Tom, I have two kinds, since the labels fell off and I couldn't recall where I got them. The original one will just fall around the car, which is bad, but it wont come down with any force, sojust be careful removing it in the spring. The other type has six loops around the perimeter, I attach bungies to the loops to keep it off the car in case of a power failure. Where I keep them was built in 1928 and so was the electrical service so power outages are common. I will find out the brand with the loops and let you know. Joel
I'm on the Ferrari mailing list, and I asked a question about the Carcapsule (outdoor variety-the silver one) and a guy in England (where they're made?) said that he had heard of two instances (F40 and 365GT4) where there was paint damage (365) and external engine corrosion (F40) when using the Carcapsule. I'm trying to get more info. on them, so if anyone has used the outdoor Carcapsule could you please email me at [email protected] and let me know your impressions? Thanks a lot, Tom
I'm in the same boat as you..I just today stored my 87 328GTS for the first time!...I basically filled the tank up right to the top and put in fuel stabilizer..drove her a bit and parked her on top of 1" rigid insulation. My car is always covered in the garage.

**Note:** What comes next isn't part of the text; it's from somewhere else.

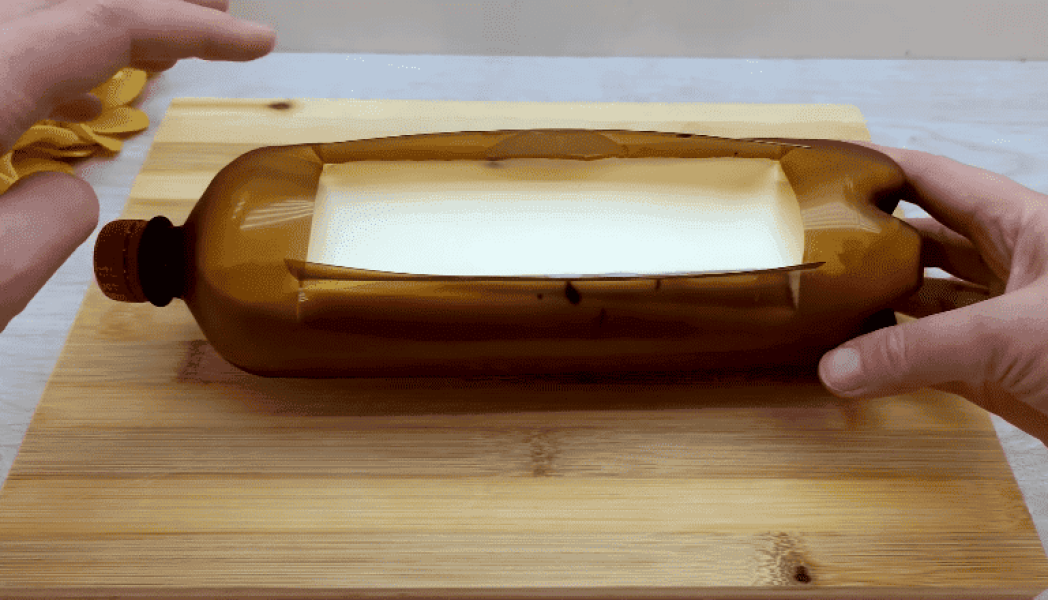 Заздалегідь підготуйте форму для десерту. Я взяла пластикову пляшку 1,25 л.

I will soon disconnect the battery and trickle charge it every month or so.. also you might notice that your car idles a bit quicker right when you drive off with the fuel stabilizer (at leats mine did and stabilized after a few minutes of driving).
Hi Theo, In addition to pieces of carpet under the tires to prevent flat spots, I also cover the entire floor in 4 mil plastic. This works as a vapor barrier and you will be amazed at the amount of dampness that comes up through the concrete flooring. I started doing this many years ago as I have an original Boss Mustang that I wanted to prevent the floors from rotting. It has worked well and have been doing this for my 355. I also take the car out a few times in the winter to keep everything nice and lubricated.
I would add that if your garage is UNHEATED, you will want to consider draining your coolant and filling with pure antifreeze, no water. I have an aluminum racing radiator, and I think last winter's negative Temps probably cracked the Ferrari's radiator. It DID crack my truck radiator that was parked outside my garage.....
That is not correct. The freezing point of a 50/50 mix of water and anti-freeze is a lot lower than just pure anti-freeze. The lowest freezing point is 70% antifreeze, anything higher than that and the temperature starts back up. You can look it up. Pure antifreeze is only good to -10 degrees F.